-------- DATA EXCERPT --------

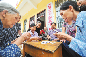 在广西都安瑶族自治县隆福乡隆福村隆帮屯“居家养老互助站”,老人们在一起打扑克。记者从广西民政部门获悉,广西计划在“十二五”期间投入8.3亿元用于农村养老服务体系建设,构建以居家养老为主、机构养老为补充的农村养老服务格局。新华社记者 黄孝邦 摄
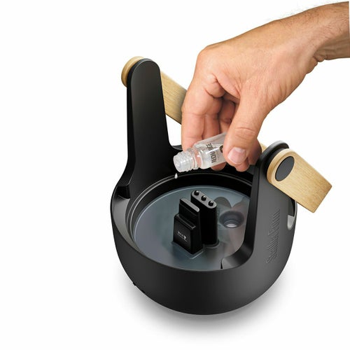 屋内外で使用できるバンブーハンドル付のモバイル アロマ ディフューザー。
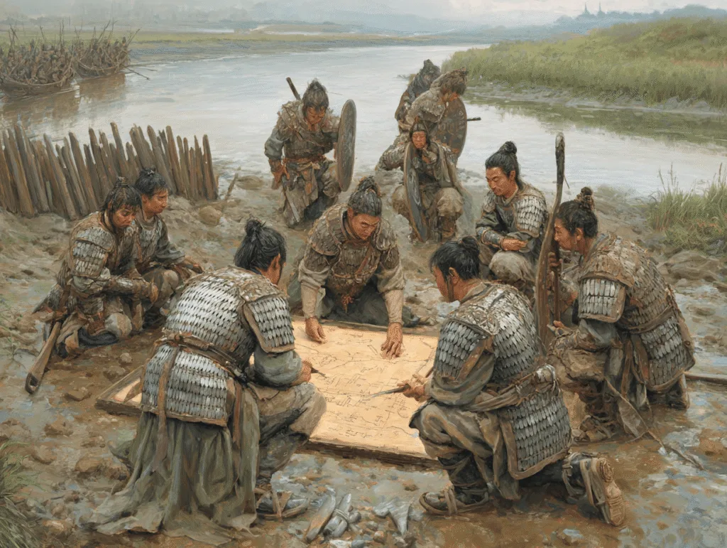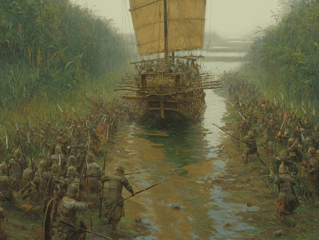As the Han navy advanced upriver, their warships moved confidently into what they thought was a straightforward river assault. Ngo Quyen deliberately allowed them to progress upriver, feigning weakness and retreat.
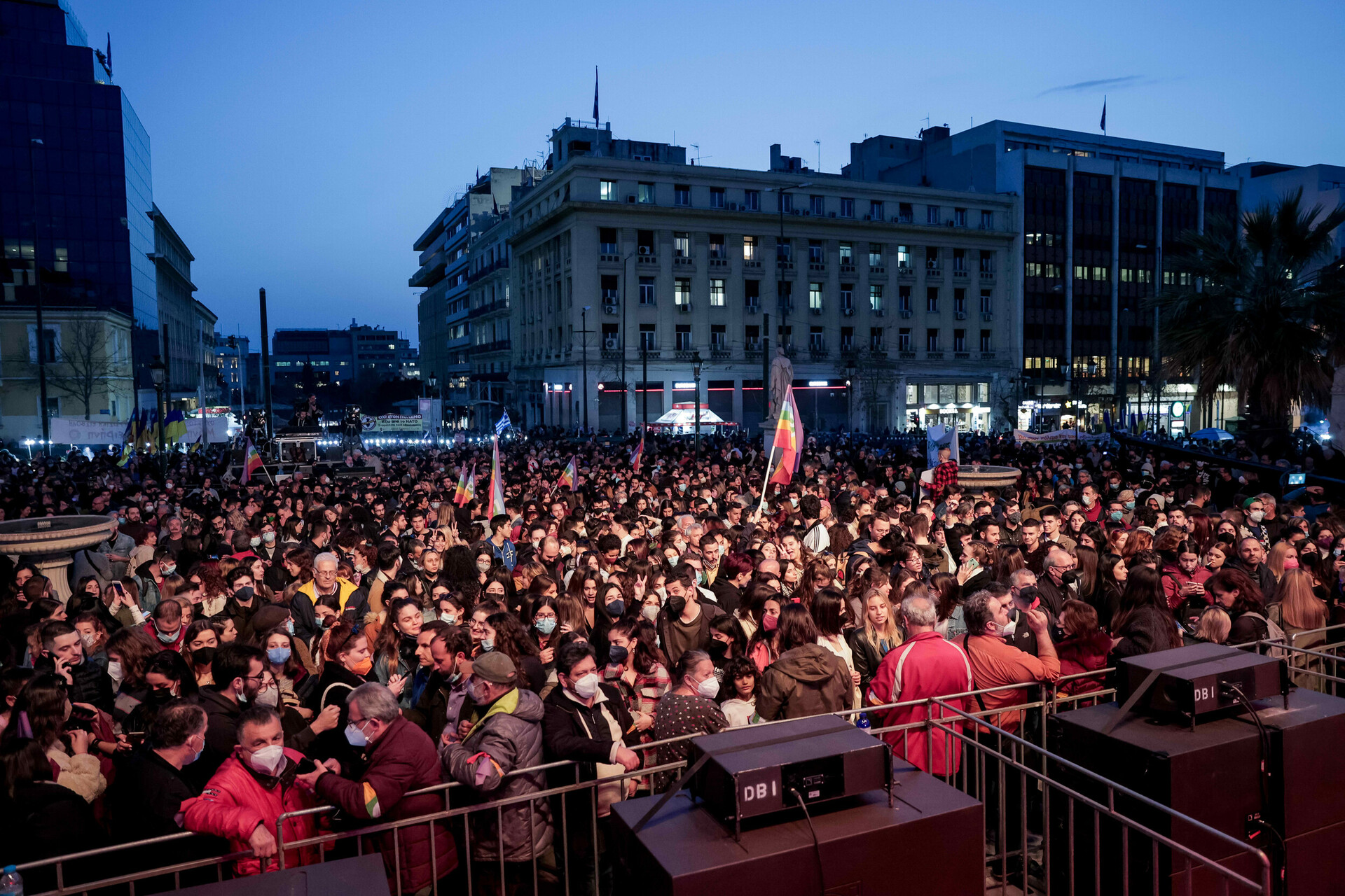 Πολίτες κάθε ηλικίας έχουν συγκεντρωθεί στα Προπύλαια για να παρακολουθήσουν τη συναυλία, ενώ έχει διακοπεί η κυκλοφορία στην οδό Πανεπιστημίου.

--------

- [TASK STATEMENT]: Could the data above be reproduced exactly, with the pictures left out?

- [RESPONSE FOR THIS EXERCISE]:
 在广西都安瑶族自治县隆福乡隆福村隆帮屯“居家养老互助站”,老人们在一起打扑克。记者从广西民政部门获悉,广西计划在“十二五”期间投入8.3亿元用于农村养老服务体系建设,构建以居家养老为主、机构养老为补充的农村养老服务格局。新华社记者 黄孝邦 摄
 屋内外で使用できるバンブーハンドル付のモバイル アロマ ディフューザー。
As the Han navy advanced upriver, their warships moved confidently into what they thought was a straightforward river assault. Ngo Quyen deliberately allowed them to progress upriver, feigning weakness and retreat.
 Πολίτες κάθε ηλικίας έχουν συγκεντρωθεί στα Προπύλαια για να παρακολουθήσουν τη συναυλία, ενώ έχει διακοπεί η κυκλοφορία στην οδό Πανεπιστημίου.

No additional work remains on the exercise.